Note: You can check the volume handle and name using the vSphere interface. The following steps are for bulk operations.

  1. Identify Active Kubernetes Volumes: Export the list of current volume handles from the Kubernetes cluster to a text file:

    kubectl describe pv > pv-list.txt

  2. Query vCenter Database (VCDB) for Registered Volumes: Log in to the vCenter Server Appliance (VCSA) via SSH and query the Cloud Native Storage (CNS) table to list all registered volumes on the affected datastore:
    (Note: Replace <DATASTORE_ID> with the actual datastore URL, e.g., ds:///vmfs/volumes/uuid/)

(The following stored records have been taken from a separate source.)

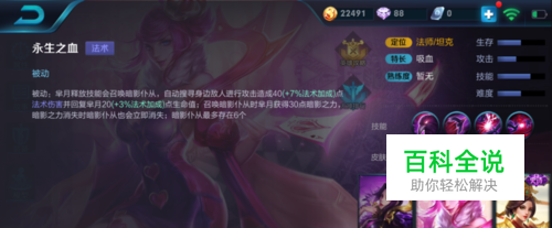 永生之血: 被动技能,芈月每损失1%的最大生命获得1%的吸血效果,所造成的伤害都会附带一个轻微的减速效果。
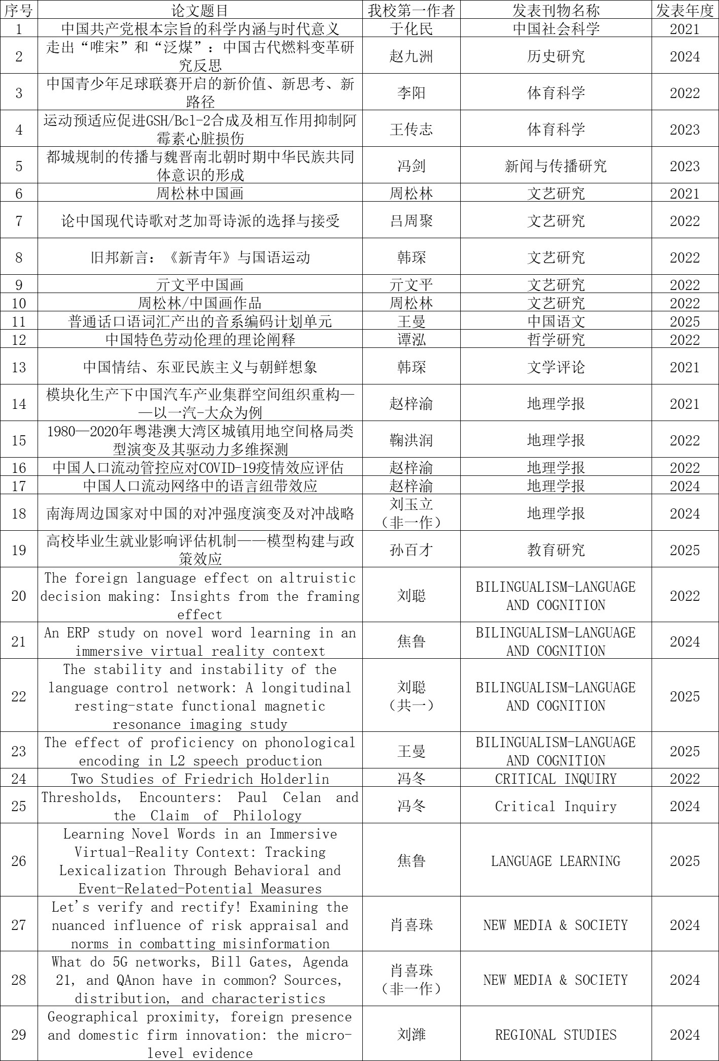 “十四五”期间,人文社科领域共计发表高水平论文3073篇,其中CSSCI论文977篇,SSCI、A&HCI论文2096篇。在综合性社会科学顶级期刊《中国社会科学》,在历史学、体育学、新闻学与传播学、艺术学、语言学、哲学、文学、人文经济地理、教育学、传播学、区域研究等学科领域的国内外顶级期刊《历史研究》《体育科学》《新闻与传播研究》《文艺研究》《中国语文》《哲学研究》《文学评论》《地理学报》《教育研究》Bilingualism-Language and Cognition Critical Inquiry Language Learning New Media & Society Regional Studies发表论文29篇(表2)。
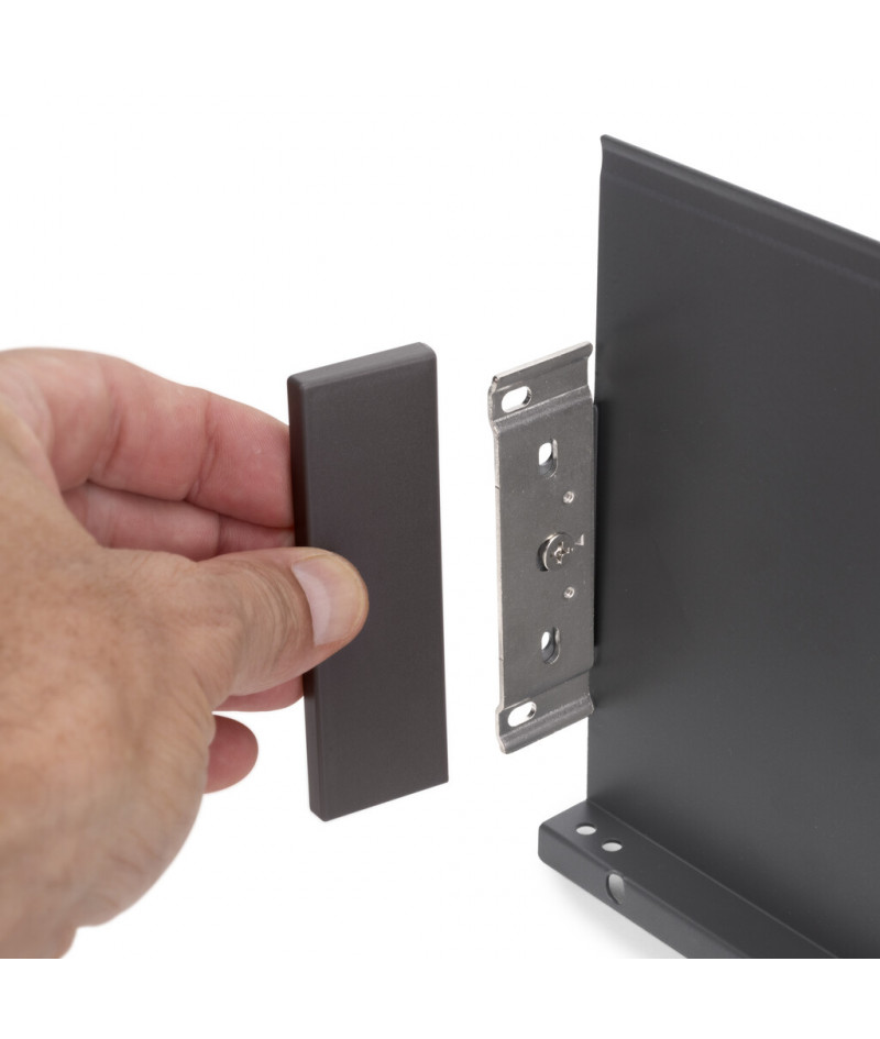 Distanciador lateral Plástico gris antracita El distanciador lateral es una pieza fabricada en plástico cuya función es la de dejar un espacio de 25mm entre el cajón interior y la puerta abisagrada para que estos no choquen el uno con el otro. Incluye 16 tornillos EURO 6,2 x 13 mm
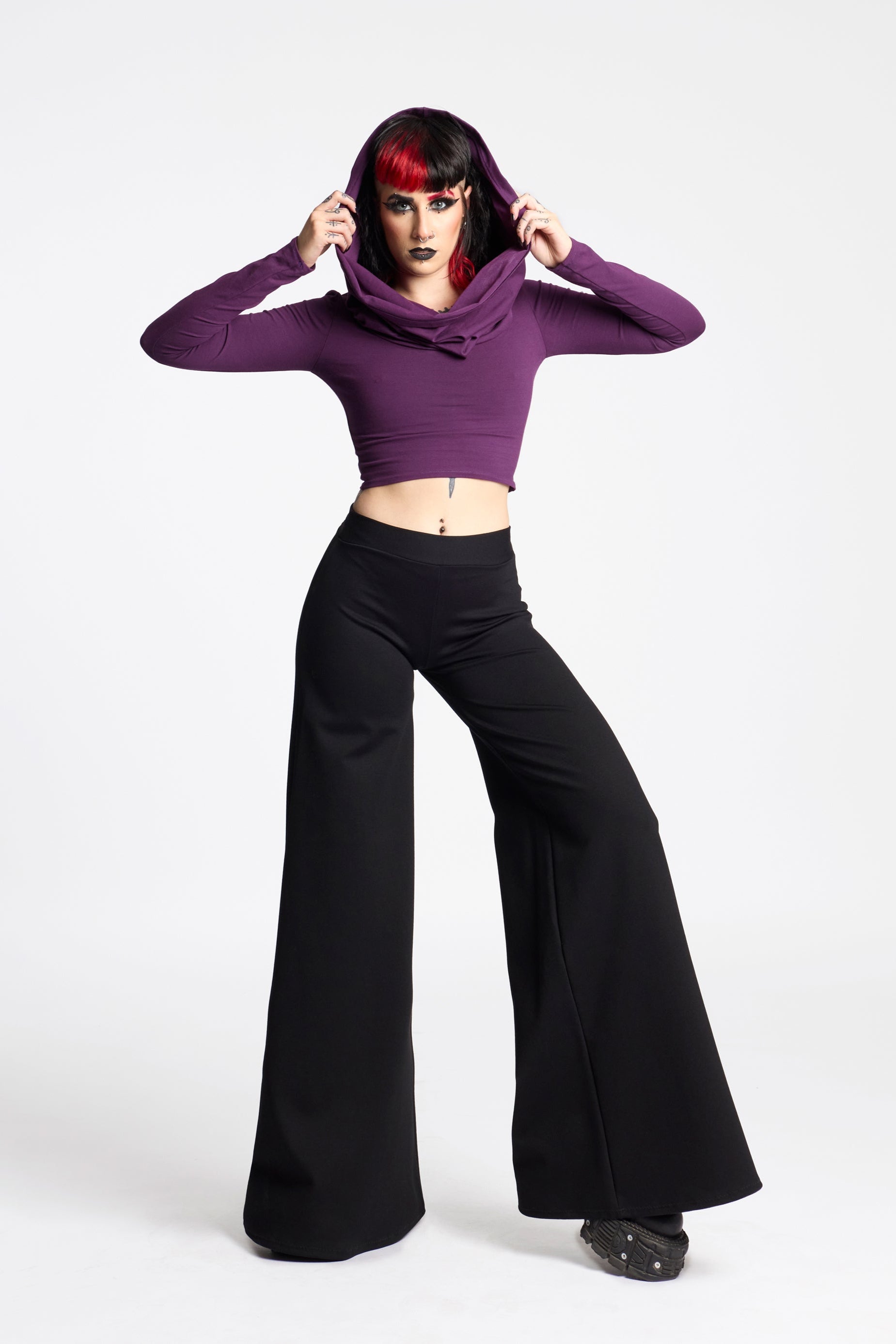 These maxi flare palazzo pants are crafted from a thick and soft ponte roma cotton jersey, offering structure, stretch, and bold movement. Designed with a dramatic wide leg and a flattering fit-and-flare silhouette, they’re ideal for dance, yoga, festivals, or everyday comfort.

    • Access vCenter postgres:
      /opt/vmware/vpostgres/current/bin/psql -d VCDB -U postgres
    • Query for vCenter DB information:
      SELECT volume_id, volume_name, disk_path FROM cns.volume_info WHERE datastore = '<DATASTORE_ID>';

       

  3. Cross-Reference Data:
    • Retain: If a volume_id or volume_name (PV name) from the SQL output exists in the pv-list.txt, the disk is in use.
    • Unlinked: If the volume is present in the VCDB/Datastore but not found in pv-list.txt, it is no longer associated with a Kubernetes object and is a candidate for manual removal.

    • Using govc:

      1. Download the govc binary from the official GitHub releases page.

      2. govc disk.rm <disk_id> (where <disk_id> corresponds to the volume_id from vCenter Postgres).

    • Using MOB:

      1. Navigate to https://<vcenter-fqdn>/mob/?moid=vCenterVStorageObjectManager.

      2. Click DeleteVStorageObject_Task.

      3. Enter the volume_id and the datastore Managed Object Reference (MoRef).

      4. Click Invoke Method.

  4. Verify Deletion:

    • Once complete, the VMDK will be permanently removed from the fcd directory on the datastore.

Additional Information

https://kubernetes.io/docs/concepts/storage/volume-snapshots/

"Deletion is triggered by deleting the VolumeSnapshot object, and the DeletionPolicy will be followed. If the DeletionPolicy is Delete, then the underlying storage snapshot will be deleted along with the VolumeSnapshotContent object. If the DeletionPolicy is Retain, then both the underlying snapshot and VolumeSnapshotContent remain."